PROBLEM STATEMENT
Below are some records. Return exactly the lines from the one containing "Corneille made this" through the one containing "Опустите побеги малины", both included, and only those.

TASK INPUT
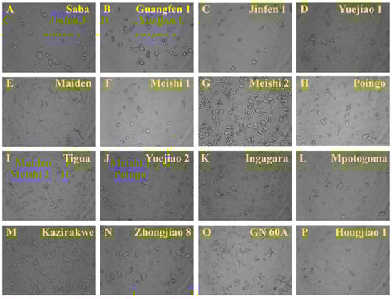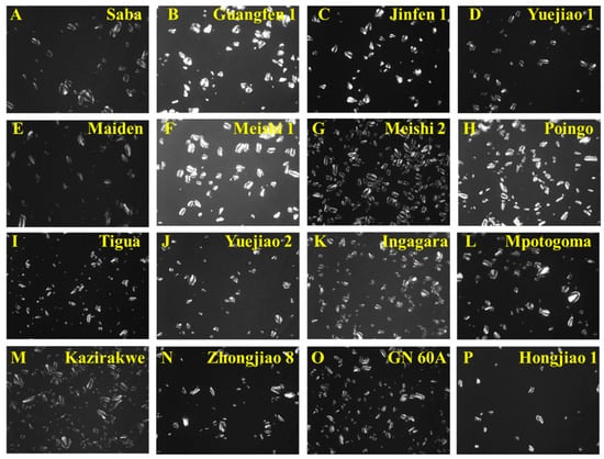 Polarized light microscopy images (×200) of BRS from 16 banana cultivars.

...

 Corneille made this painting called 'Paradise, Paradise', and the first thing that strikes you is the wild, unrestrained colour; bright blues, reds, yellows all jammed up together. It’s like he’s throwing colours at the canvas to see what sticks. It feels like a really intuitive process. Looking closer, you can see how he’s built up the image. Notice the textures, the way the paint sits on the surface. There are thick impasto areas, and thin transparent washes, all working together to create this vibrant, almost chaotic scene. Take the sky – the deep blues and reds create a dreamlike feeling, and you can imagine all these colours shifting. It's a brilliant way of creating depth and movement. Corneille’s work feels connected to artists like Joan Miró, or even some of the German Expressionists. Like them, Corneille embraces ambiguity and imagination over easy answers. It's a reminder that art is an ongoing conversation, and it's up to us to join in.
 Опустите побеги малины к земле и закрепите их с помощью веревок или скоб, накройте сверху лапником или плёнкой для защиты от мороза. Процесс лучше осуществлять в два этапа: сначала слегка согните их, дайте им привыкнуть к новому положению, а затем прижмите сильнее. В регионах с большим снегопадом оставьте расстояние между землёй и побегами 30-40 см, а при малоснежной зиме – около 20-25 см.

RESULT BELOW
 Corneille made this painting called 'Paradise, Paradise', and the first thing that strikes you is the wild, unrestrained colour; bright blues, reds, yellows all jammed up together. It’s like he’s throwing colours at the canvas to see what sticks. It feels like a really intuitive process. Looking closer, you can see how he’s built up the image. Notice the textures, the way the paint sits on the surface. There are thick impasto areas, and thin transparent washes, all working together to create this vibrant, almost chaotic scene. Take the sky – the deep blues and reds create a dreamlike feeling, and you can imagine all these colours shifting. It's a brilliant way of creating depth and movement. Corneille’s work feels connected to artists like Joan Miró, or even some of the German Expressionists. Like them, Corneille embraces ambiguity and imagination over easy answers. It's a reminder that art is an ongoing conversation, and it's up to us to join in.
 Опустите побеги малины к земле и закрепите их с помощью веревок или скоб, накройте сверху лапником или плёнкой для защиты от мороза. Процесс лучше осуществлять в два этапа: сначала слегка согните их, дайте им привыкнуть к новому положению, а затем прижмите сильнее. В регионах с большим снегопадом оставьте расстояние между землёй и побегами 30-40 см, а при малоснежной зиме – около 20-25 см.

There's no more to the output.